++++ EXCERPTED DATA ++++

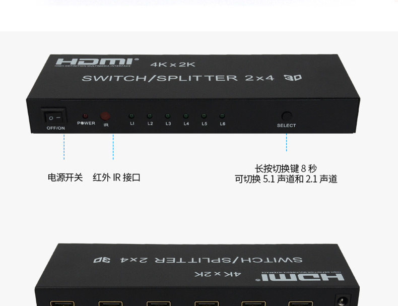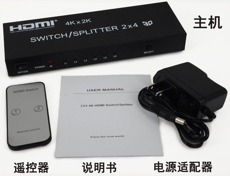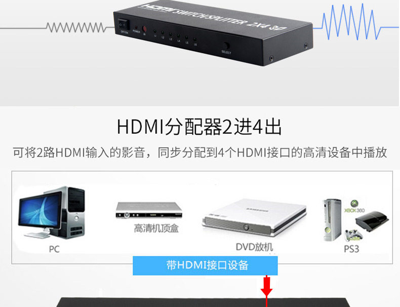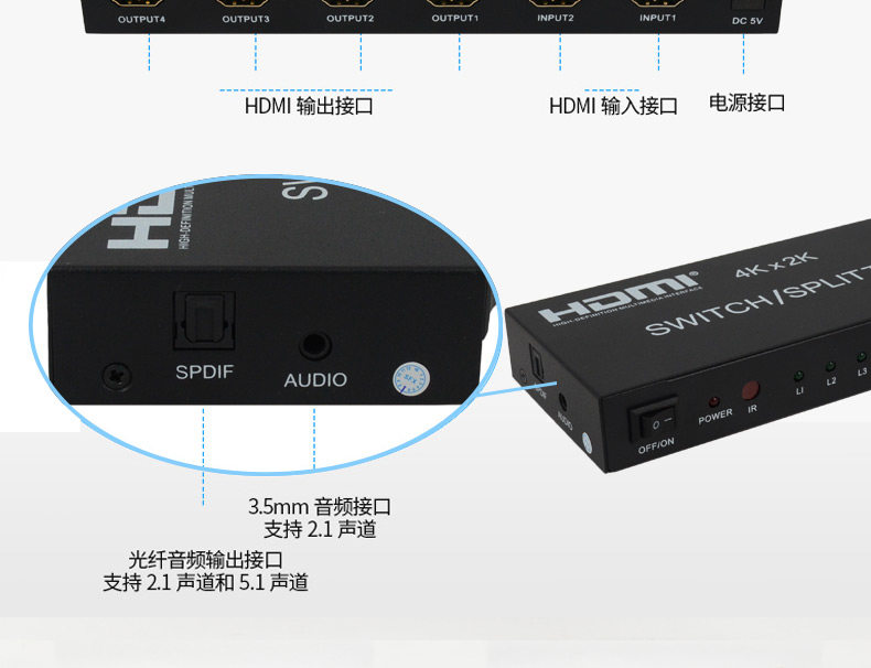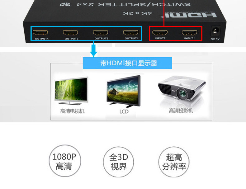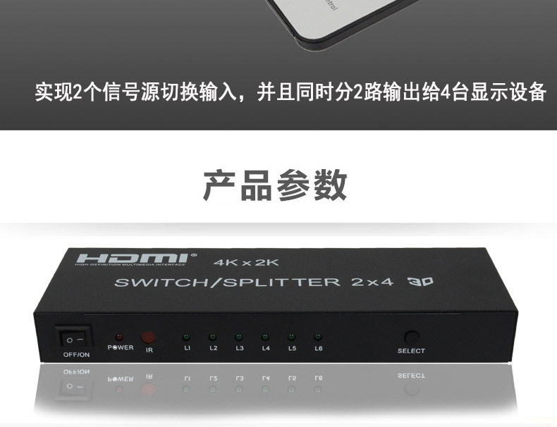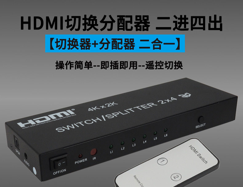 HDMI Switch 2 в 4 OUT 4 Computer Display HD -образец монитор Audio Splitter с удаленным управлением
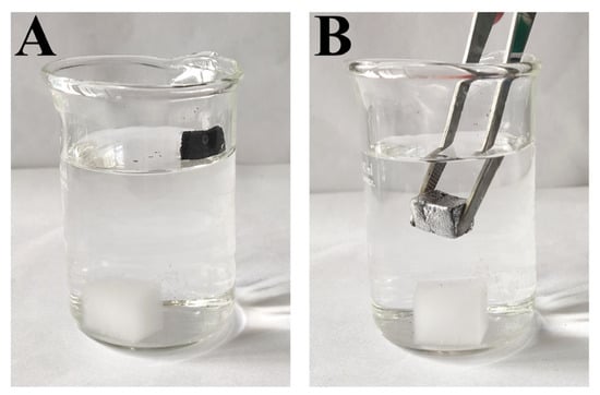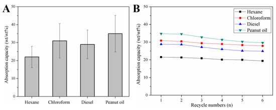 The absorption capacities of the modified sponge for various oils (i.e., hexane, ethanol, chloroform, diesel, and peanut oil) were quantitatively determined based on the weight at absorption saturation using Equation 1. As shown in Figure 8A, the modified sponge was able to absorb a variety of oils with high absorption capacities. However, the observed absorption values were lower than the values reported by Ruan et al. [] and Yang et al. [], likely due to the presence of magnetic Fe3O4 particles and the carbonization operation at 500 °C. The multifunctional features of the prepared sponges largely expand their usage in various practical applications, although with the sacrifice of reduced absorption capacity. After six recycles, the absorption capacity still remains more than 85% of the initial values, suggesting the excellent reusability of the m-AS/Kaolin@MS (Figure 8B).
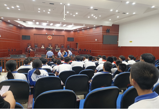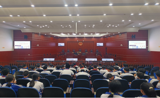 在庄严的庭审现场,法官、检察官、人民陪审员庄严就座,被告人被法警带上被告席。同学们旁听了一起真实的毒品犯罪案件庭审,沉浸式体验被告人的犯罪心理过程和法律审判的庄严,感受到法律对毒品犯罪的严厉打击,具有极强的教育和警示意义。
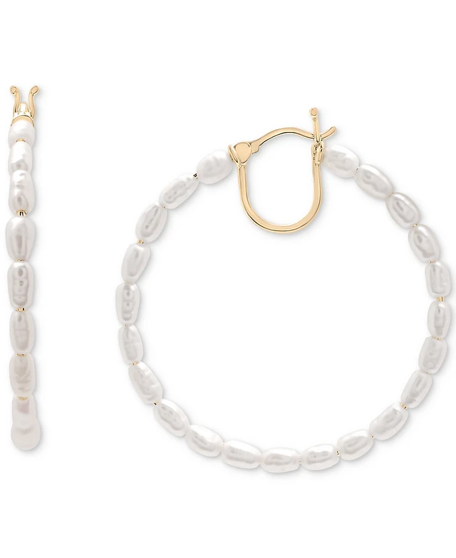 Cultured Freshwater Pearl (5 x 2-1/2mm) Medium Hoop Earrings in 10k Gold, 1-1/4"
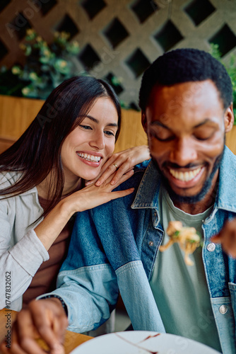 Happy young multiracial couple laughing and bonding during a romantic meal, sharing a special moment together
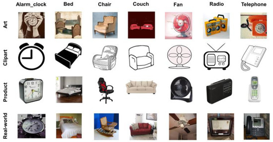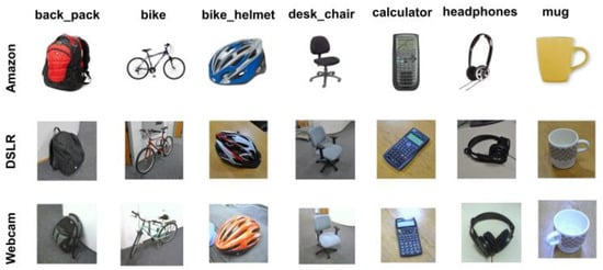 Office-31 [37] is a widely used image dataset in domain adaptation for an image classification task. It comprises three distinct domains, namely Amazon (A), Webcam (W), and DSLR (D) with 31 categories and 4110 images in total. Amazon contains 2817 images collected from the amazon.com website with a white background, Webcam has 795 low-resolution images and DSLR covers 498 high-resolution images. This dataset constructs six transfer tasks with one domain as the source and another as the target domain: A → W, A → D, W → A, W → D, D → A, D → W. Sample images are illustrated in Figure 5.

++++

**TASK GOAL:** Would you write out exactly the lines of the data from the one holding "Cultured Freshwater Pearl" to the final line, both included, with pictures left out?

**RESULT BELOW:**
 Cultured Freshwater Pearl (5 x 2-1/2mm) Medium Hoop Earrings in 10k Gold, 1-1/4"
 Happy young multiracial couple laughing and bonding during a romantic meal, sharing a special moment together
 Office-31 [37] is a widely used image dataset in domain adaptation for an image classification task. It comprises three distinct domains, namely Amazon (A), Webcam (W), and DSLR (D) with 31 categories and 4110 images in total. Amazon contains 2817 images collected from the amazon.com website with a white background, Webcam has 795 low-resolution images and DSLR covers 498 high-resolution images. This dataset constructs six transfer tasks with one domain as the source and another as the target domain: A → W, A → D, W → A, W → D, D → A, D → W. Sample images are illustrated in Figure 5.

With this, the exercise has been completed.